These delays meant shooting didn’t happen until 1981. It’s tempting to think, then, that the production was “tortured” — especially given the technical hurdles of a live-action movie made entirely from puppets — but it’s more accurate to say it was a slow burn due to financial priorities. Still, the final movie was and is polarizing, somehow being declared magnificent and terrible at the same time. I think the best explanation of what happened can be seen with an excerpt from the test-screening voice track to the movie. The video lasts two-and-a-half-minutes and while it’s usually just fine to breeze on by whenever I drop a video clip, in this case I highly recommend a watch before moving on.

The clip has the Skeksis — the villains of the movie — gathering around the dying Emperor. All the dialogue is hissing in the Skeksis language, with no subtitles. This was Jim Henson’s original vision, and it is the one that showed in the “first edit” that played to an audience in Washington, DC. Henson wrote in his journal:

First preview Dark Crystal in Washington DC – not great.

He had already been warned beforehand that trying to have the Skeksis only talk in their own language without subtitles (with people understanding it “like an opera“) was not going to go well, but the baffled audience of March 19th, 1982 reinforced this; the script underwent a round of edits to have English dialogue added to dub over the fantasy language, where the words had to be lip-synched the best the team could.

Annotations by Jim Henson (on top) and Frank Oz (on bottom).

Still, these changes happened after the scenes were filmed, meaning the essential action was already locked into place. Given that the goal was to have the scenes understandable without knowing the words, the scenes were already done in an “elemental” way, and the dub-over process could not help being awkward. Perhaps more importantly, it was well within Jim Henson’s vision to have parts of the movie understood only partially, where the mood and the world universe was more important than individual lines of dialogue. (If you want to try the original March 1982 experience, there’s a fan reconstruction online called The Darker Crystal.)

Even after these changes the studios involved still wanted modifications, and Jim Henson ended up buying the movie outright with his own money (obtained via Muppet merchandising) for $15 million so he could release it on his own terms. Still, just based on the limits of feature-film length, the deep backstory didn’t really make it to the film as intended; Froud notes what ended up on screen was only “a fragment of this other world.”
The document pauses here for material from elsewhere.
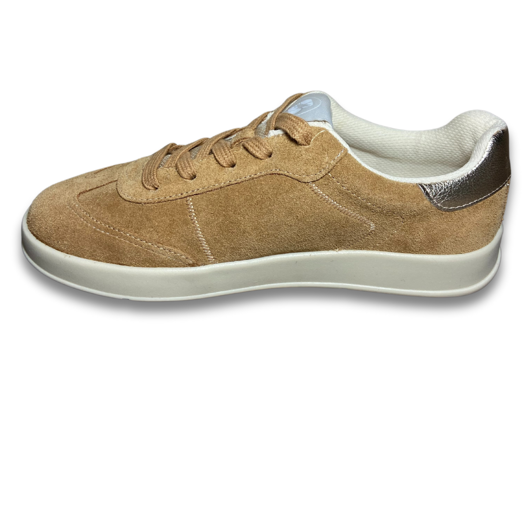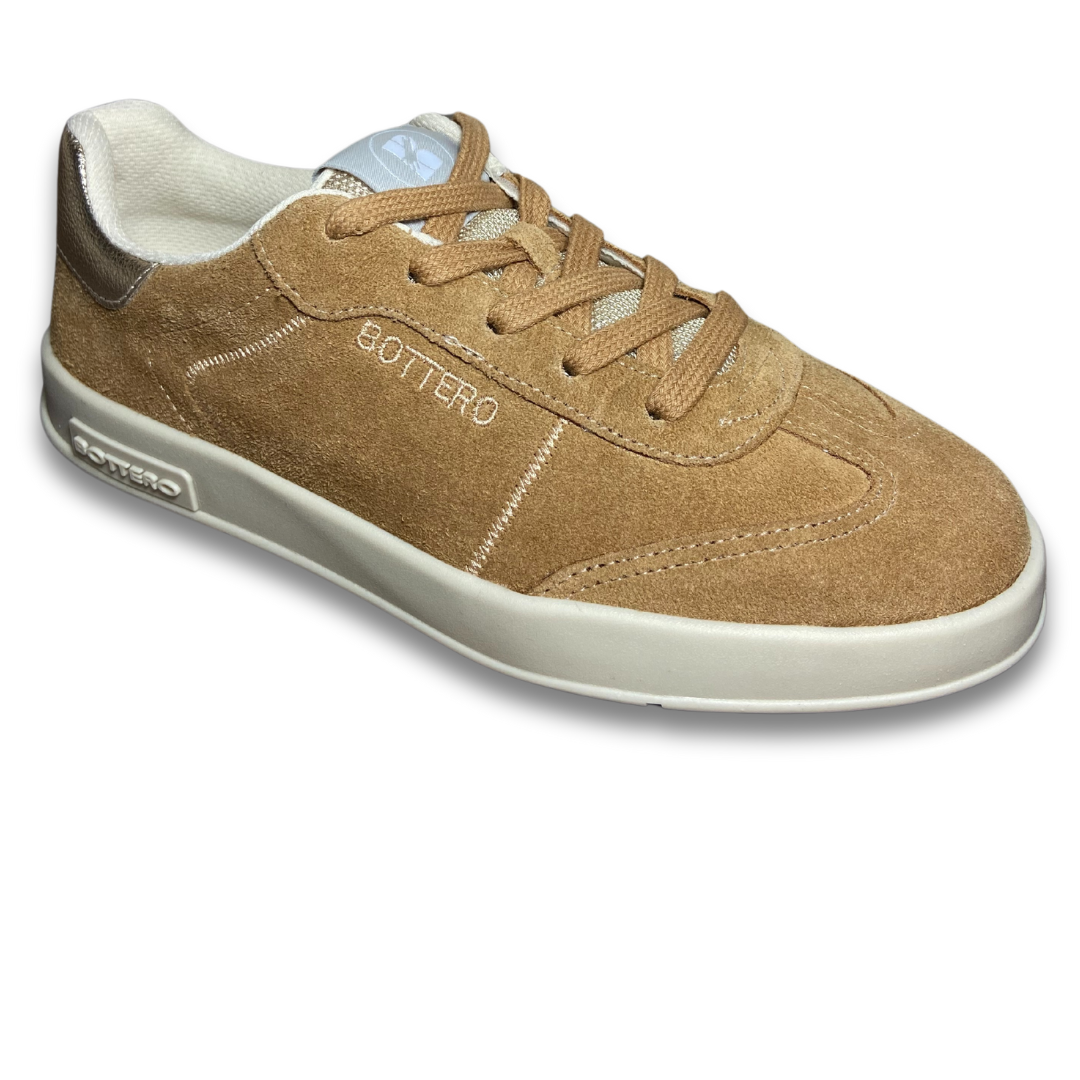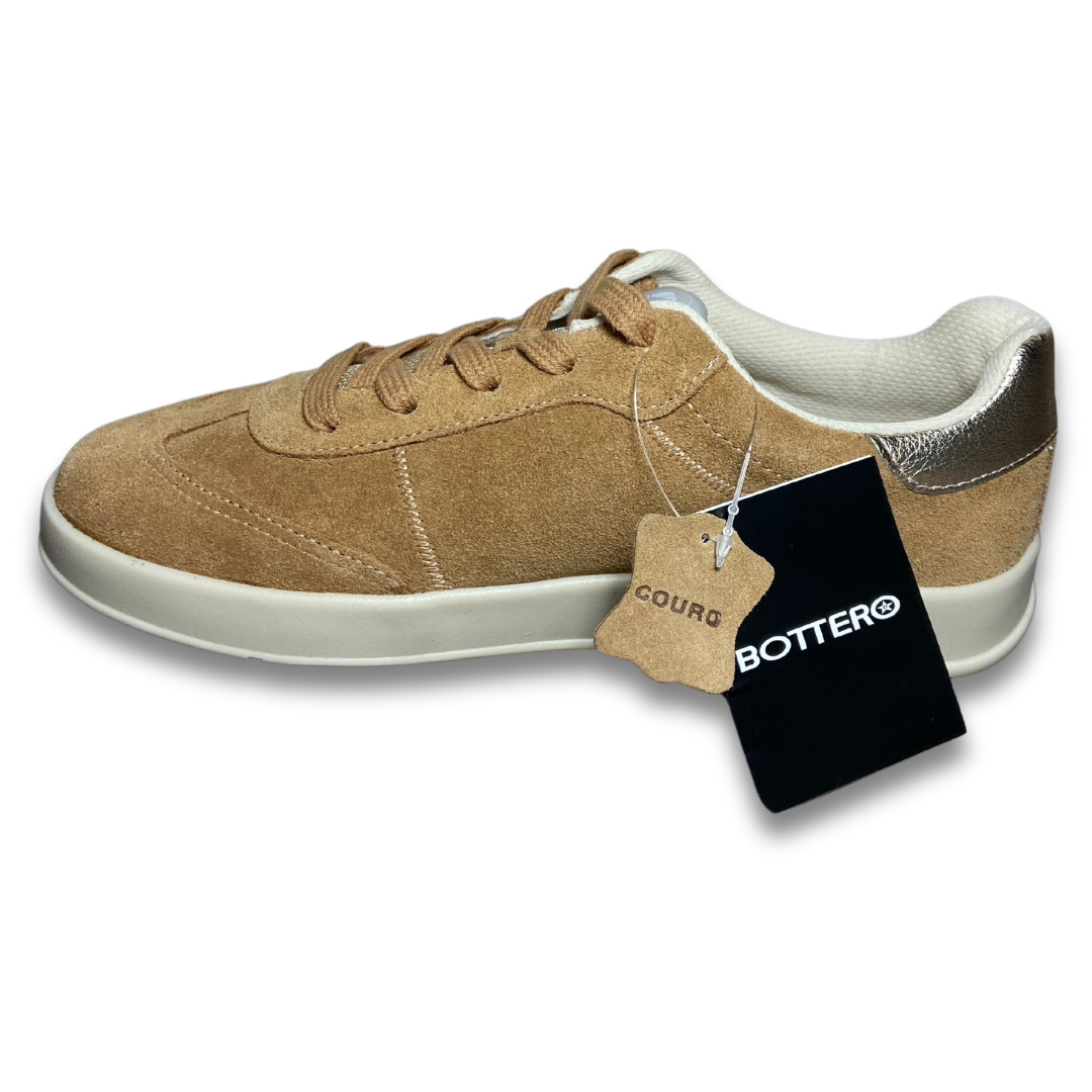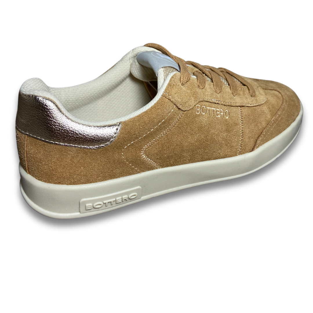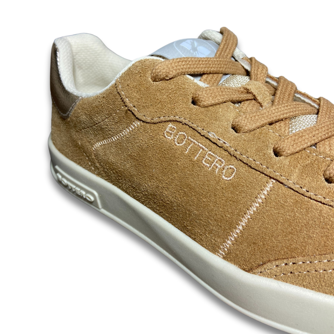 Tênis em couro camurça tan com qualidade bottero, tem solado rasteiro bege com fechamento em cadarços branco. Detalhe em dourado no traseiro. Logo da marca bordado na lateral externa do pé. Conforto em toda construção do cabedal ele vai ser seu companheiro.

Jen the Gelfling, from the original movie.

At the same time as the original test screening, Sierra On-Line finally came out with Time Zone, a game intended for the prior holiday season. That was Roberta Williams’s attempt at a magnum opus, a game that would go on forever. (Concatenating my time spent, I beat it in 24 hours, but it was over a period of two months.) During this same time Sierra was trying to reach past their free-wheeling early years into something more “professional”.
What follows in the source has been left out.